When you are editing a cell in Jupyter notebook, you need to re-run the cell by pressing `<Shift> + <Enter>`. This will allow changes you made to be available to other cells.

Use `<Enter>` to make new lines inside a cell you are editing.

### Code cells
Re-running will execute any statements you have written. To edit an existing code cell, click on it.

### Markdown cells
Re-running will render the markdown text. To edit an existing markdown cell, double-click on it.

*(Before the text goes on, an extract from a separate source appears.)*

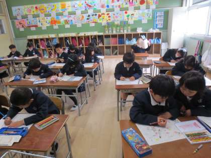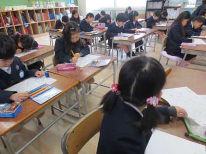 3組の様子です。各自がプリントの問題にチャレンジしています。
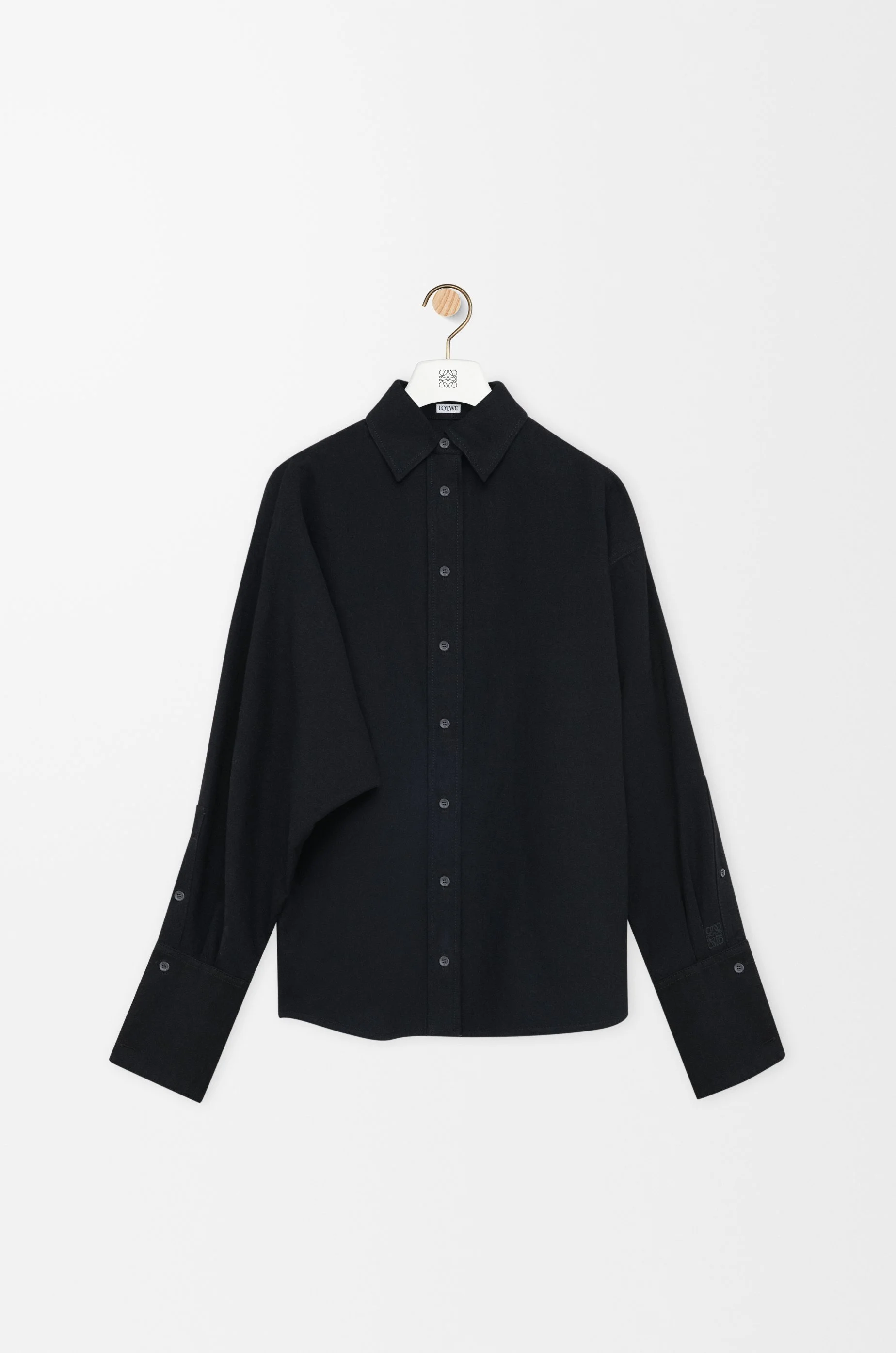 Shirt in lighweight cotton denim featuring an asymmetric construction with a batwing sleeve on one side. - Relaxed fit, regular length - Classic collar - Button front fastening - Buttoned French cuffs - Anagram embroidery placed on the sleeve Colour: Black Main material: Cotton Weight: 0.5 kg Made in: Italy Materials & care Main Material: 100% cotton

### Common Jupyter operations

**Inserting and removing cells**

Use the "plus sign" icon to insert a cell below the currently selected cell
Use "Insert" -> "Insert Cell Above" from the menu to insert above

**Clear the output of all cells**

Use "Kernel" -> "Restart" from the menu to restart the kernel
click on "clear all outputs & restart" to have all the output cleared

**Show function signature**

Start typing function and hit `<Shift> + <Tab>`

# Part 1 preprocessing

## load necessary libraries

Import the following packages: `pandas as pd`, `numpy as np`, `from scipy import stats`, `matplotlib.pyplot as plt` and `seaborn as sns`

In [None]:
...

In [None]:
sns.set_style('whitegrid')
%matplotlib inline

import warnings
warnings.filterwarnings("ignore")

## load data
As we have done the step of collecting some sample data for you already, you only have to load the data from the file `inputdata_raw.csv` into a pandas dataframe using the method `pd.read_csv(...)`. Typing a variable name into a jupyter cell and running it, shows you the current content.

In [None]:
df = ...
df

## inspect data

Use pandas function `df.head()` to observe the first 5 entry rows of the dataframe.

In [None]:
...

You are presented with the following attribtues

- `timestamp`:   timestamp of data point
- `cnt`: <b> the count of bike shares, this is our target value! </b>
- `t1`: real temperature in C
- `t2`: temperature in C "feels like"
- `hum`: humidity in %
- `windspeed`: wind speed in km/h
- `weathercode`: category field, where 1= clear ; 2 = scattered clouds / few clouds; 3 = broken clouds; 4 = cloudy; 7 = rain/ light rain shower; 10 = rain with thunderstorm; 26 = snowfall
- `isholiday`: boolean field
- `isweekend`: boolean field
- `season`: category field, where 0-spring ; 1-summer; 2-fall; 3-winter.

## missing values

Use pandas functions `df.isnull().sum()` to check if there are any missing values. 

In [None]:
print("missing values:\n", ...)

Fortunately, there are none, let's proceed. 

## feature engineering

Use the function `type()` to identify the data type of the current `df['timestamp'][0]` attribute.

In [None]:
...

Since it is a `str`, convert it into a datetime object using the pandas function 

`pd.to_datetime(df['...'] , format = '%Y%m%d %H:%M:%S')`

In [None]:
df['timestamp'] = ...
df['timestamp']

Add columns `month` and `hour` to your data frame with the calls `.dt.month` and `.dt.hour` applied to the column `timestamp`

In [None]:
df['month'] = ...
df['hour'] = ...

Let's see which month is the most popular for bike sharing. Use the function `groupby([month-column]).sum()[count-column]` to get an array of the number of bike shares per month.

In [None]:
sums = ...

sums = sums/3
plt.figure(figsize = (8,6))
plt.plot(df['month'].unique(),sums)
plt.xlabel('month')
plt.ylabel('sum of cnt')

Compare the visulization with the image below. As expected, the sum of all the bike shares goes with the temperatures over a typical year.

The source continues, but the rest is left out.